Lieutenant P. Jackson's 1823 sketch 'View of Singapore from the Sea' completed for Sir Stamford Raffles is currently the earliest known drawing of Singapore.1 However, earlier sketches have now been found. The lead author of this note, Marcus Langdon, while researching Pinang history in the National Archives, Kew, found in a recently deposited British Admiralty file, ADM344, the sketches that are described in this note.

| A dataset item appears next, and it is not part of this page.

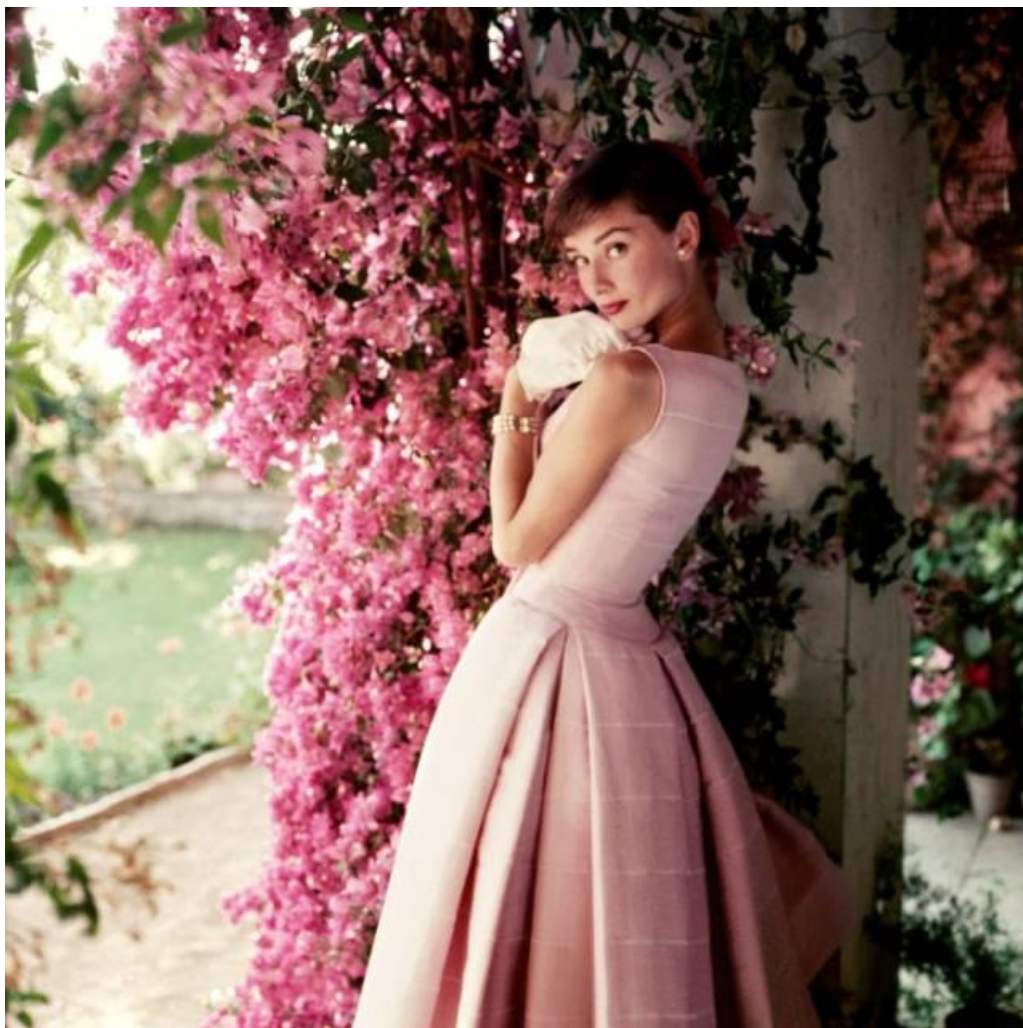
Captured in 1955 by Norman Parkinson, wearing a pink Givenchy gown.

Both sketches are unsigned. The first, and primary, focus for detailed attention here is dated 7 Feb. 1819, suggesting it was drawn by a member of the Bombay Marine's survey ships the Discovery, under the command of Captain Daniel Ross,2 or the Investigator under Captain John Garritt Fisher Crawford. These two survey ships were accompanying the armed ship Indiana, Captain James Pearl, with Sir Thomas Stamford Raffles aboard; the armed cruiser Nearchus, LieutenantWilliam Maxfield;3 the brig Ganges, Francis James Bernard with Major William Farquhar aboard; the Mercury, Captain J. R. Bowman; and the schooner Enterprise, Captain Richard Harris.

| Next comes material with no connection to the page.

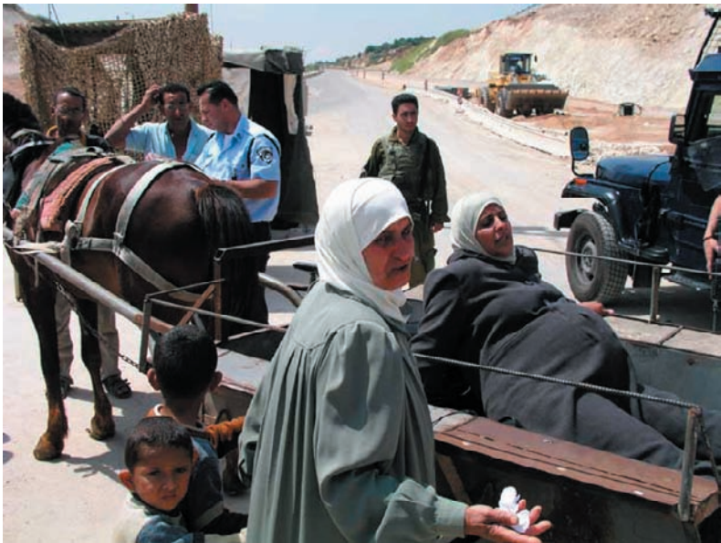
8 Jubarra checkpoint, 2005

Raffles had seconded the Bombay Marine vessels from their survey of the Malacca Strait and sent them to survey the Karimon Islands as a possible site for a port, but finding that place unsuitable Captain Ross had suggested, in a meeting with Raffles, Farquhar and Maxfield, that Singapore should be considered. Almost immediately the potential of the port was evident, and while Raffles and Farquhar negotiated for settlement by the British, Ross and Crawford began a survey of the harbour, setting up base lines using sound from cannon-fire to measure the distance between the two vessels.4

Copies of the survey were completed by 6 February, the same day Raffles finalized negotiations for settlement. The following day a member of Captain Ross's hydrographic team sketched a panoramic view of the coastline of Singapore, [End Page 1]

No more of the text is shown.